Follow-Up Courses:MA 412, a full fledged course in complex analysis (exposure to real analysis might be required before taking up this course). If you have done courses in basic algebra, you might be interested in taking basic number theory courses as well.Complex analysis is widely used in both physics (especially theoretical high energy physics) and electrical engineering (even though it may not seem obvious) and one might find direct applications of it in PH 202 (Waves, Oscillations and Optics), an EP core course in 4th sem. This course should be done sincerely and seriously. One should attend classes and pay strict attention to what the Prof. is explaining, since the pace of this course might be a bit fast, owing to its half-sem duration. There are a lot of theorems and proofs and the lectures are connected with each other, so regular studies are required, otherwise one could find lectures difficult to comprehend.

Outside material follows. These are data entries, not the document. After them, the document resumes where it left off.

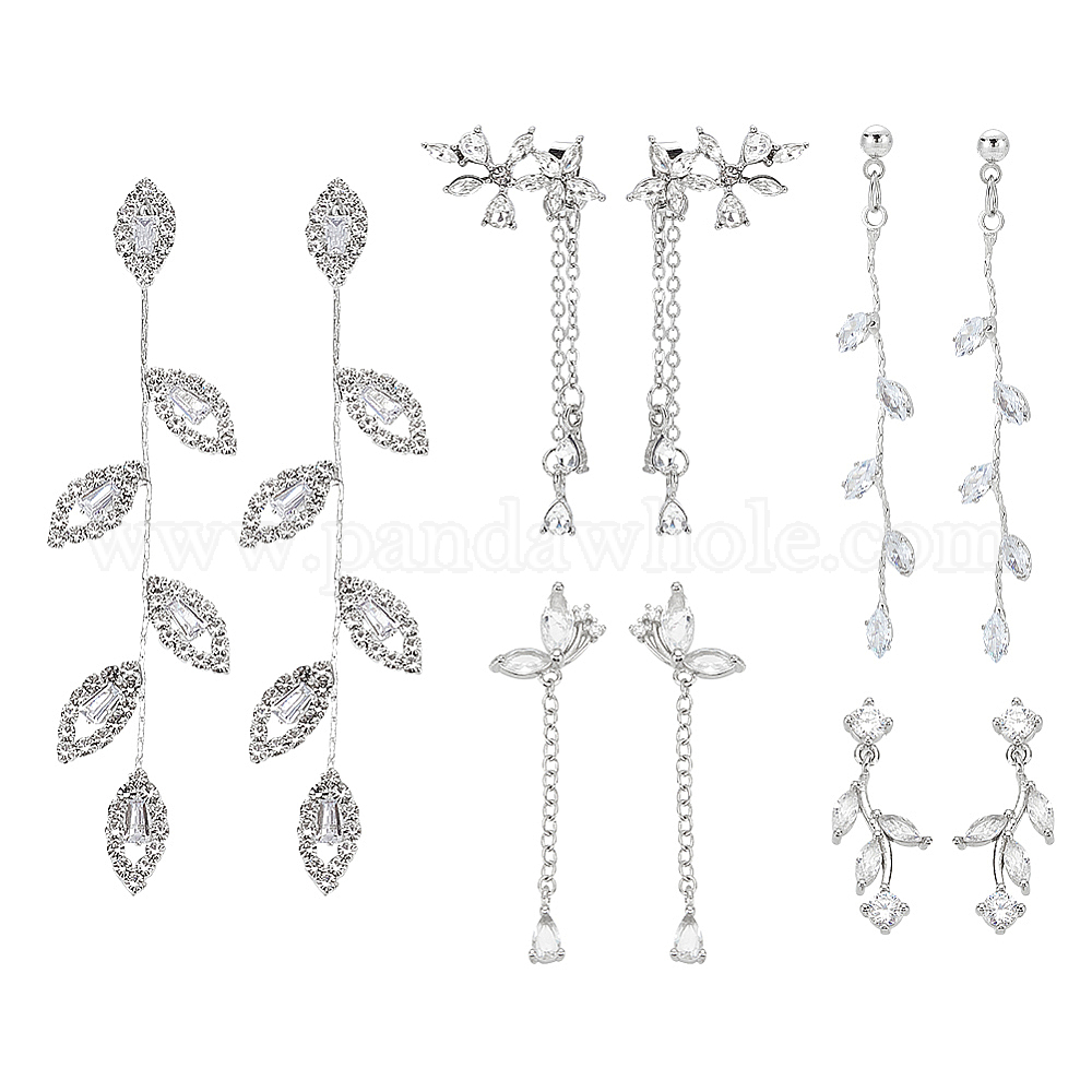 • Платина 5 пары 5 стили серьги-гвоздики с кристаллами и стразами в форме листа, серьги-кисточки из сплава с серебряными булавками для женщин, платина, 25~63 мм, штифты : 0.7~0.8 мм, 1 пара / стиль
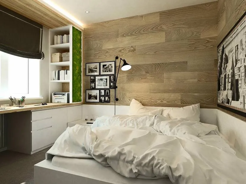 – Если не обойтись без шкафа, обрати внимание на узкие высокие пеналы или шкафы-купе с раздвижными дверями. Как вариант – модульные стенки до потолка с ящиками, полками и антресолью;. – Нужен стол и рабочее место? Выбирай складные, откидные или выдвижные модели;
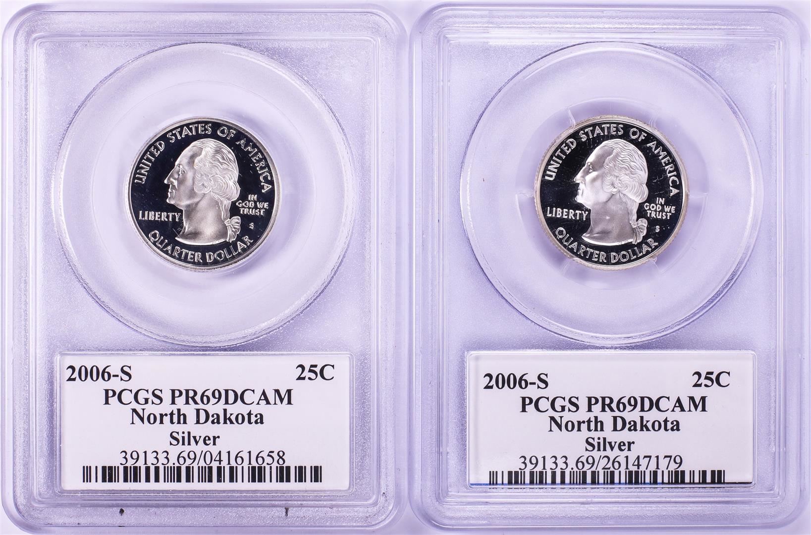 Lot of (2) 2006-S Proof Silver North Dakota State Quarter Coins PCGS PR69DCAM
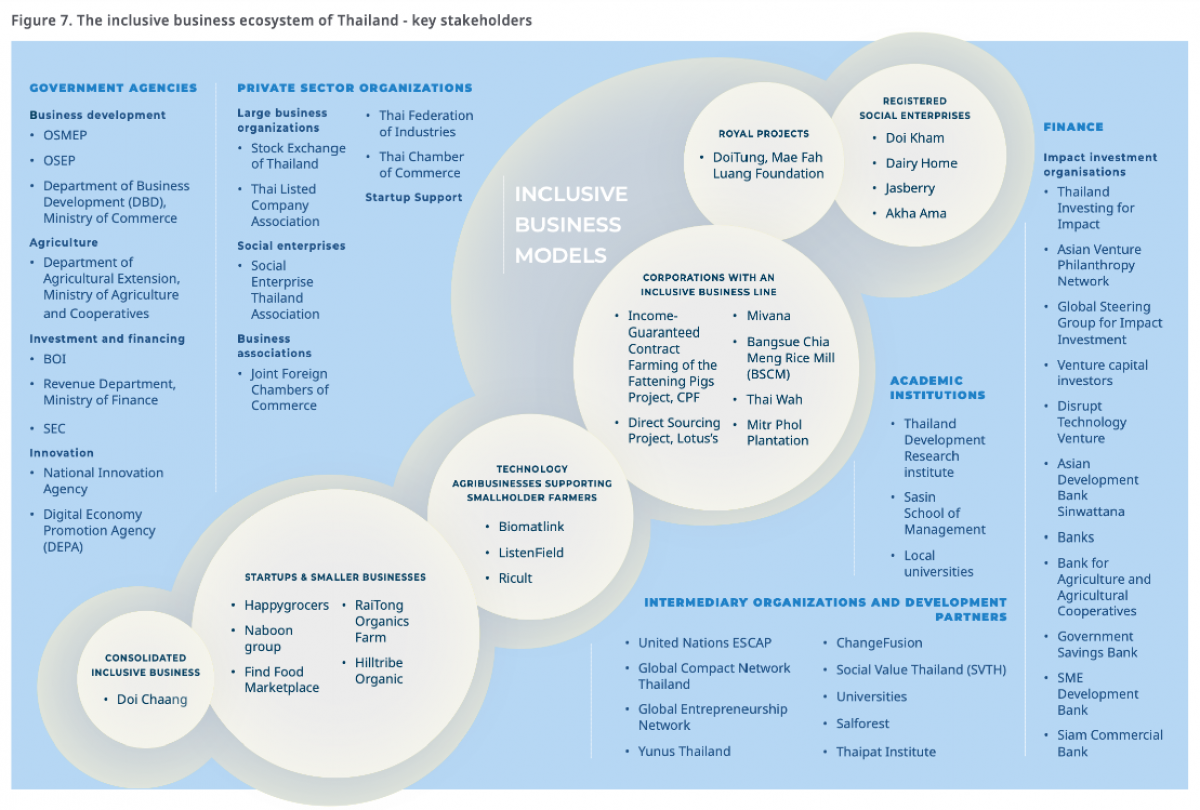 เช่น คณะกรรมาธิการเศรษฐกิจและสังคมแห่งสหประชาชาติสำหรับเอเชียและแปซิฟิก (ESCAP) ที่กำลังทำงานอย่างใกล้ชิดกับหน่วยงานภาครัฐและเอกชนสำคัญในประเทศไทย เพื่อส่งเสริมการเจรจาระหว่างภาครัฐและภาคธุรกิจ และสนับสนุนฟอรัมการลงทุน IB แห่งชาติ ทั้งยังร่วมมือกับ มูลนิธิ Bill & Melinda Gates สนับสนุนธุรกิจ IB ด้านเกษตรกรรมและระบบอาหาร และได้จัดทำรายงานศึกษาภาพรวมของโมเดลธุรกิจ IB ในอาเซียนและประเทศไทยอย่างครอบคลุม

One might want to take summary notes of theorems, proofs and formulae during self study. Making notes in class wasn't required, since slides were well organized. Leaving studies till the last day is NOT recommended. The type of questions to be asked in the quizzes were discussed in the lectures (in some detail actually), so the one who is facing trouble with the overall lecture content, might focus on those questions in particular while preparing for the quizzes.

Assignments:Tutorial sheets were easy to moderate in difficulty, with a lot of questions for general practice of theorems and formulae and some questions involving proofs. 80% attendance was compulsory in the tutorial classes. Grading was on the lenient side and the exams were also easy to moderate in difficulty.  

Exams and Grading:2 Quizzes, of 20% weightage each and a final exam (midsem) of 60% weightage were held.

Pro-tips:One might find tutorials to be long and containing many questions of the same kind. In such a situation, one can plan to attempt some questions before the tutorial classes, some during the tutorial and leave some to attempt before the exams for revision and practice.

Respondent: Himansh Rathore